You can log in to the Rhino VM Automation VMs either through the primary-user’s username and password using the virtual-console of your VNFI, or through an SSH connection from a remote machine using key-based authentication.
Logging in through a virtual console
You can log in to the Rhino VM Automation VMs through a virtual-console on your VNFI, using the primary user’s username and password for authentication.
You should only log in to Rhino VM Automation VMs through a virtual console when SSH access is unavailable. We recommend that you log in to Rhino VM Automation VMs using SSH. |
You can configure the primary user’s password
by creating a freeform-type secret with the desired value
and setting the value of the primary-user-password-secret-id
field
in the product-options
section for a VNFC in the SDF
to the ID of that secret.
See Secrets in the SDF for more information.
The primary user’s password is initially configured during the VM’s bootstrap process.
You can reconfigure the primary user’s password
by changing the value of the secret in the secrets-file,
re-running csar-secrets add
as per Adding secrets to QSG,
and re-uploading your configuration using rvtconfig upload-config
.
If the bootstrap process fails
and you cannot log in with your desired password,
your Customer Care Representative can provide you with a password to use here.
Logging in through SSH
You can log in to the Rhino VM Automation VMs using SSH from a remote machine.
SSH access to SGC VMs uses key-based authentication only.
Username/password authentication is disabled.
To authorize one or more SSH keys so that users can log in to VMs within a VNFC
as both the primary and low-privilege users,
add the SSH public keys to the ssh/authorized-keys
list
within every instance
section of a VNFC within the SDF,
and then run rvtconfig upload-config
.
You can also authorize SSH keys for the low-privilege viewer
user only
by adding them to the low-privilege-ssh-authorized-keys
list
within the product-options
section for a VNFC in the SDF.
The set of authorized SSH keys can be different for each VNFC/service group,
but must be identical for all VMs within a service group.

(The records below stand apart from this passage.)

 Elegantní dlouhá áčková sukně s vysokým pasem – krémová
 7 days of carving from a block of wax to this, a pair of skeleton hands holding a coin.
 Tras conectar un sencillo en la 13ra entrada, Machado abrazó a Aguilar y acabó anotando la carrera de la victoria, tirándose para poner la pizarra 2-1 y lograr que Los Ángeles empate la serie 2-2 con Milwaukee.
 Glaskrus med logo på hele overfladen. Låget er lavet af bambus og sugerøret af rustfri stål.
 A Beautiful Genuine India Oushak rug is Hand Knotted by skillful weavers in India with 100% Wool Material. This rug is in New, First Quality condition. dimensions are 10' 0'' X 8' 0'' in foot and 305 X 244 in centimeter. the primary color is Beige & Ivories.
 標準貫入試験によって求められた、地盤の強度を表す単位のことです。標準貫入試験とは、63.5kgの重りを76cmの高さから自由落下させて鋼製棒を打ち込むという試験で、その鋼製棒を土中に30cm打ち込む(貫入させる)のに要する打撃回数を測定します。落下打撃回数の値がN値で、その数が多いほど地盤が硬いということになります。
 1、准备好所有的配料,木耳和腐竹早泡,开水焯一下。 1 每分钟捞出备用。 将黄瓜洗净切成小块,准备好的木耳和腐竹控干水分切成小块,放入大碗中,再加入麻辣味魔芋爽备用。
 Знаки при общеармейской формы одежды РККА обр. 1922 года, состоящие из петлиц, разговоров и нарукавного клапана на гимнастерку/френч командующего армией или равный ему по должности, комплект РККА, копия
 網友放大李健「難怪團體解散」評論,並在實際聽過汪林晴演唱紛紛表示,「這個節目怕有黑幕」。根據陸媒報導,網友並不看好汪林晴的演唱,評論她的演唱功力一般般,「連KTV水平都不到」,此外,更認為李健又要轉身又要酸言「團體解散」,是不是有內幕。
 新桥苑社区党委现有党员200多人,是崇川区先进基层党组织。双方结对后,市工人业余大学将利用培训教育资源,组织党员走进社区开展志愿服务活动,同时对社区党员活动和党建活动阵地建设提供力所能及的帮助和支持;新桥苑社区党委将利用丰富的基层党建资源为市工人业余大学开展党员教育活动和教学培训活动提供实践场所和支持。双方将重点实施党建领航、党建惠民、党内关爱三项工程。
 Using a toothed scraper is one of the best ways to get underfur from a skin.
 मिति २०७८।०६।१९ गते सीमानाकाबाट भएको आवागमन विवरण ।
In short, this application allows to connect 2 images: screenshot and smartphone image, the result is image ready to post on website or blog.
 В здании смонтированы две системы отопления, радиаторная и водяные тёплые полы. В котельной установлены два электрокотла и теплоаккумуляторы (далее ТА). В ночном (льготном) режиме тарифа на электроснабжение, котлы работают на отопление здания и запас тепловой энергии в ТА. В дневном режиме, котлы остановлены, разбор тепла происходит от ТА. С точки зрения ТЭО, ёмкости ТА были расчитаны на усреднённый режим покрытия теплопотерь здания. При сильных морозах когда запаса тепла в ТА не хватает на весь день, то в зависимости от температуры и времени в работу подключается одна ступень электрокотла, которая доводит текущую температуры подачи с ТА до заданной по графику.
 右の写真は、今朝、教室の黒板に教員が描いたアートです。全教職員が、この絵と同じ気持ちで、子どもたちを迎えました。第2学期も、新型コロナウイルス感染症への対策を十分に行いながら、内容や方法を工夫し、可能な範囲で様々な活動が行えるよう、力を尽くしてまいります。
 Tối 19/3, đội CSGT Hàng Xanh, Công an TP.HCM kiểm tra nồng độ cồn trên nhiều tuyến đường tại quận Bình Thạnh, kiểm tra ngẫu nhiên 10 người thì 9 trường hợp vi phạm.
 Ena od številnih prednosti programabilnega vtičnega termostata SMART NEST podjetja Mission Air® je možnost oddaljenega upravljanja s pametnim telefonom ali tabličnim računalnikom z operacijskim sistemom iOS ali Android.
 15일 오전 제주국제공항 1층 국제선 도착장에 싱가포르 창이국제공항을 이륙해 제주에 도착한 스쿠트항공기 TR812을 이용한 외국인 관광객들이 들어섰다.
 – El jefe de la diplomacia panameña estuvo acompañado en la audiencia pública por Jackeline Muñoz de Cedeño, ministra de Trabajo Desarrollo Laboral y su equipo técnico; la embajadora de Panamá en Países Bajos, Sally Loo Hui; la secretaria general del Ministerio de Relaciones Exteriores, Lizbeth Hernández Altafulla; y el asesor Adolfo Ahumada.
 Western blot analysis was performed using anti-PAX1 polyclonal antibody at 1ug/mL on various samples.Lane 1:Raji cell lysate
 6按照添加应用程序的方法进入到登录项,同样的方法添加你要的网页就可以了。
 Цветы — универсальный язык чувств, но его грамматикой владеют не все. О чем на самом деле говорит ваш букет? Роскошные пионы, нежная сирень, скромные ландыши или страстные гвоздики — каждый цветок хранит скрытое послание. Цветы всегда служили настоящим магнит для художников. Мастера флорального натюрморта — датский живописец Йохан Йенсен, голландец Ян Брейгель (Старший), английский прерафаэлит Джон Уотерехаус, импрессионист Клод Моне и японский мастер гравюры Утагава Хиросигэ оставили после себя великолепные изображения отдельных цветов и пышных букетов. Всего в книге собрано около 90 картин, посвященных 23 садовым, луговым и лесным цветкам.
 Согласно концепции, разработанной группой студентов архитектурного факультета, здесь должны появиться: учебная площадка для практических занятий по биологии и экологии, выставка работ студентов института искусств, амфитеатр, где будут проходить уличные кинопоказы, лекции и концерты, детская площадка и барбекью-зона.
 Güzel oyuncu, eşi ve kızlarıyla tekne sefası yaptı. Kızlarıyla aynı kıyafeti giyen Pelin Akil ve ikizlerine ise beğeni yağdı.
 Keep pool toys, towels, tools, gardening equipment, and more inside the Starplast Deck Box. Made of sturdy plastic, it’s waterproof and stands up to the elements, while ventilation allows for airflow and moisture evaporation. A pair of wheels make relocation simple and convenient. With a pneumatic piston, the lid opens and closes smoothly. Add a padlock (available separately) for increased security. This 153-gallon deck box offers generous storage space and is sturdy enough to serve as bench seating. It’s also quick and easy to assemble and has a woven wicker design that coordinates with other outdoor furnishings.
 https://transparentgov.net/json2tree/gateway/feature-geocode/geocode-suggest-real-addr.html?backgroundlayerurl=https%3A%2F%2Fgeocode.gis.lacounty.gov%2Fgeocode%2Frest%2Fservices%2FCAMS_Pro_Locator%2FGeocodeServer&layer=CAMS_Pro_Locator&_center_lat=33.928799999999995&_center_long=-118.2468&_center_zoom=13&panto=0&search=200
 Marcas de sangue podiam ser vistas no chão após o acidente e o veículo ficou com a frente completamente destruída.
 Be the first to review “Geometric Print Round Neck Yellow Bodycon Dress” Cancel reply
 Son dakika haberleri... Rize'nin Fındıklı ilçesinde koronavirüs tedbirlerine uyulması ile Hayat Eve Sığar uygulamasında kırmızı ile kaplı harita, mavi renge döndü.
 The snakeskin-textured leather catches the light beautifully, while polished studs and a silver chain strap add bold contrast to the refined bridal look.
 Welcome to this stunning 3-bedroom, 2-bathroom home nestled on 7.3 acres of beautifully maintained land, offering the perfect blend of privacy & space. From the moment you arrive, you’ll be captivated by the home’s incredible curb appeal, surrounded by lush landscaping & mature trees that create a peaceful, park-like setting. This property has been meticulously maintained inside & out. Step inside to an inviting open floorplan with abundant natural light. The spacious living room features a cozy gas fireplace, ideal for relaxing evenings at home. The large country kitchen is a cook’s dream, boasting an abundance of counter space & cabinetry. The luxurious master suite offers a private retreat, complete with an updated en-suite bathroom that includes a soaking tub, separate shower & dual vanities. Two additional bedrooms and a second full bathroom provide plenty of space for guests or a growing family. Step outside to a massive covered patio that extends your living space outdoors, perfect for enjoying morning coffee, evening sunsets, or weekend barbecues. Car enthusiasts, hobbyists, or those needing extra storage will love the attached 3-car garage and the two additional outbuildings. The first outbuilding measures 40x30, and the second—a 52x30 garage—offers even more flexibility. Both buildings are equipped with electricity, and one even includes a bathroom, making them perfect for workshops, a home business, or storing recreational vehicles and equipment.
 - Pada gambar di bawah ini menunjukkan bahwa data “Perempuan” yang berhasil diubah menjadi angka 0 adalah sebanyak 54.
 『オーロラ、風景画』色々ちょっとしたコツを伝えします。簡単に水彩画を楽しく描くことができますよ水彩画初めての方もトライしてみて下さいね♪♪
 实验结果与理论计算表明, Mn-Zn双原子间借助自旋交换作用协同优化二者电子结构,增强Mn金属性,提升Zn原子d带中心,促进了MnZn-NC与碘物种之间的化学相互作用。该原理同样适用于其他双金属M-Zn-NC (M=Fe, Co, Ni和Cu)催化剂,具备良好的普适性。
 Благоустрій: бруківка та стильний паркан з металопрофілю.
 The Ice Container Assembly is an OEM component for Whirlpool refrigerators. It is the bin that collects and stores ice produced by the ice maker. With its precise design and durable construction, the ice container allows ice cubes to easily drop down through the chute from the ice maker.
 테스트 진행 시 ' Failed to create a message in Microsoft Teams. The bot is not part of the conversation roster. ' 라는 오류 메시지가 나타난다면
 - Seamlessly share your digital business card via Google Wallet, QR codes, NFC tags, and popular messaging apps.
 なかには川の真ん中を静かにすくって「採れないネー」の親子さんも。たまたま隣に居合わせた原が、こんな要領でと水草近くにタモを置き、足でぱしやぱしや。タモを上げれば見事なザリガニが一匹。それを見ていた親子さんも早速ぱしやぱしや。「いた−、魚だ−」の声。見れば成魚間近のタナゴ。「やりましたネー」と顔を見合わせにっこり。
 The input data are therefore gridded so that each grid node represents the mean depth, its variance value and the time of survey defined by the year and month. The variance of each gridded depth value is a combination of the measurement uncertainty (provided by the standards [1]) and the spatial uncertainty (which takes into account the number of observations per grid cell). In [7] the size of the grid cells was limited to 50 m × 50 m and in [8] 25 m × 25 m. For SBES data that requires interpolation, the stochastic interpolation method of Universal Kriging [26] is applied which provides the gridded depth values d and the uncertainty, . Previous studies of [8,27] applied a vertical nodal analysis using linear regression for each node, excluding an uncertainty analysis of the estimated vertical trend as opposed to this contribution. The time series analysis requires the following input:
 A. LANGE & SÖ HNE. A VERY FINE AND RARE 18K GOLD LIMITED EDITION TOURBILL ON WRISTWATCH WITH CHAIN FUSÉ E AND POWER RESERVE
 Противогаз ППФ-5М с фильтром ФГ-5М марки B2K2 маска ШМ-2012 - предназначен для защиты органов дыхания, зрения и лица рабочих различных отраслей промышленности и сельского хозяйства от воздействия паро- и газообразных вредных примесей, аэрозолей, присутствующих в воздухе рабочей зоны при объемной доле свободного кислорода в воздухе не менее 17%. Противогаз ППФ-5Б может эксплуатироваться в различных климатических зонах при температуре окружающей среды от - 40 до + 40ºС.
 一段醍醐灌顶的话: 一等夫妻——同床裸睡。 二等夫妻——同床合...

To revoke authorization for an SSH key,
remove the public key from the authorized-keys
list for all VMs within a VNFC
or from the low-privilege-ssh-authorized-keys
list in the product-options
section of a VNFC,
and run rvtconfig upload-config
again.
All public keys within the authorized-keys
list for a VM instance
will be copied to the .ssh/authorized-keys
file on the VM
for both the primary user and the low-privilege viewer
user.
All public keys within the low-privilege-ssh-authorized-keys
list for a VNFC
will be copied to the .ssh/authorized-keys
file for the low-privilege user
for all VMs within the VNFC.
A user can then use a corresponding private key to SSH into a VM
by using the command ssh -i <path-to-ssh-private-key> <username>@<vm-management-ip-address>
.
You can generate a public/private SSH key pair using the command ssh-keygen
.
This command will prompt you for a passphrase with which to protect the private key,
and a path to the location the private key should be created in.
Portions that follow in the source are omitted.